KWG Closes Second Tranche Of Private Placement16 Apr 2010
Montréal, Canada – April 16, 2010 – KWG Resources Inc. (TSXV – KWG) reports that it has closed a second tranche of its previously announced non-brokered private placement through the sale of units (each, a “FT Unit”) at $0.125 each for proceeds of approximately $2,800,000. Each FT Unit consists of one flow-through common share and one-half of a common share purchase warrant issued on a flow-through basis pursuant to the Income Tax Act (Canada). Each whole common share purchase warrant entitles the holder to purchase one non flow-through common share until April 16, 2012 at a price of $0.15. Finder’s fees totaling $224,673 were paid. All securities issued pursuant to this private placement have a hold period expiring on August 17th, 2010.

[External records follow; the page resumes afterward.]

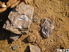 表面に現れた化石の中には保存の悪いものもあります。このような化石は、樹脂を使って固くして採集したいのですが、日本から送っている発掘資材が到着しません。日本の運送会社に電話何度も問い合わせているのですが、タイの税関の許可がでないなどの理由で今日も到着しません。一時間でも早く資材が到着することを願っています。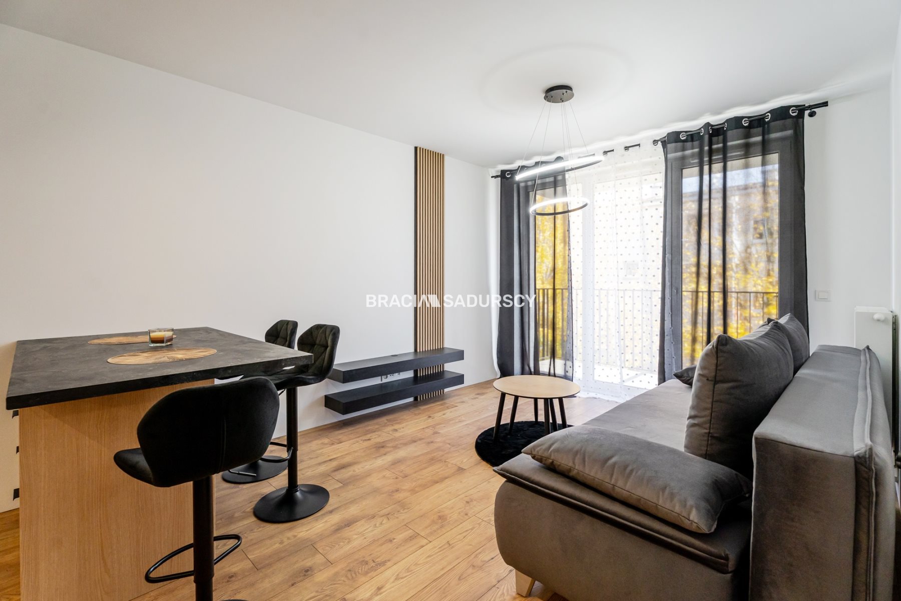 Przestronny salon z aneksem kuchennym i wyjściem na duży balkon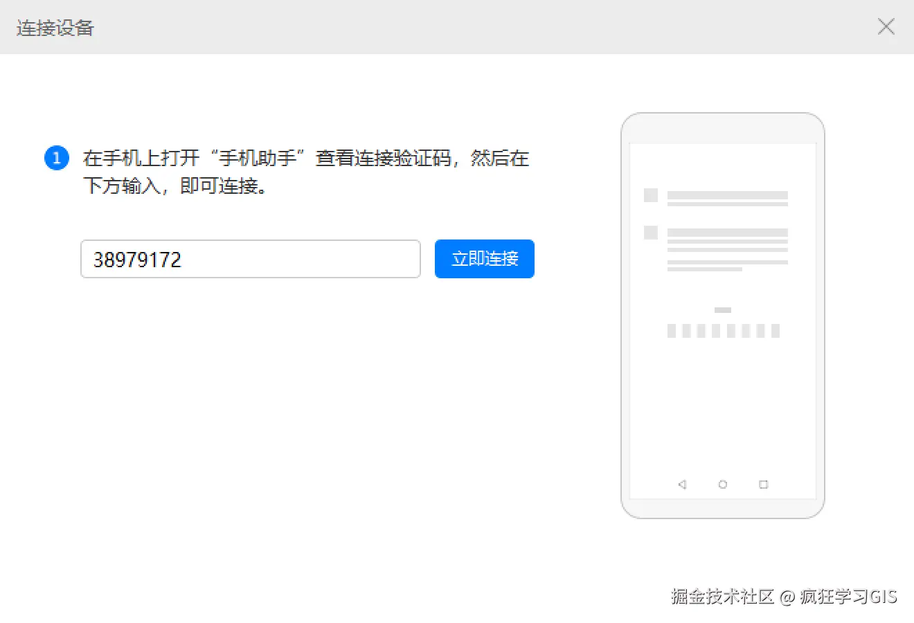 随后,手机上将自动安装“手机助手”。安装完毕后,通过手机端上的验证码,即可实现手机与电脑的数据互通。

Directors of KWG subscribed for $500,000 of the FT units. The participation of such subscribers in the private placement constitutes a “related party transaction” under Multilateral Instrument 61-101-Protection of Minority Security Holders in Special Transactions (“MI 61-101”), but KWG was exempt from both the formal valuation and minority shareholder approval requirements of MI 61-101 in connection with the private placement as neither the fair market value of the securities issued, nor the consideration for such securities, in so far as it involves interested parties, exceeded 25% of KWG’s market capitalization as calculated pursuant to MI 61-101. KWG completed each such subscription within 21 days of the date the board of directors approved the private placement, as part of the private placement.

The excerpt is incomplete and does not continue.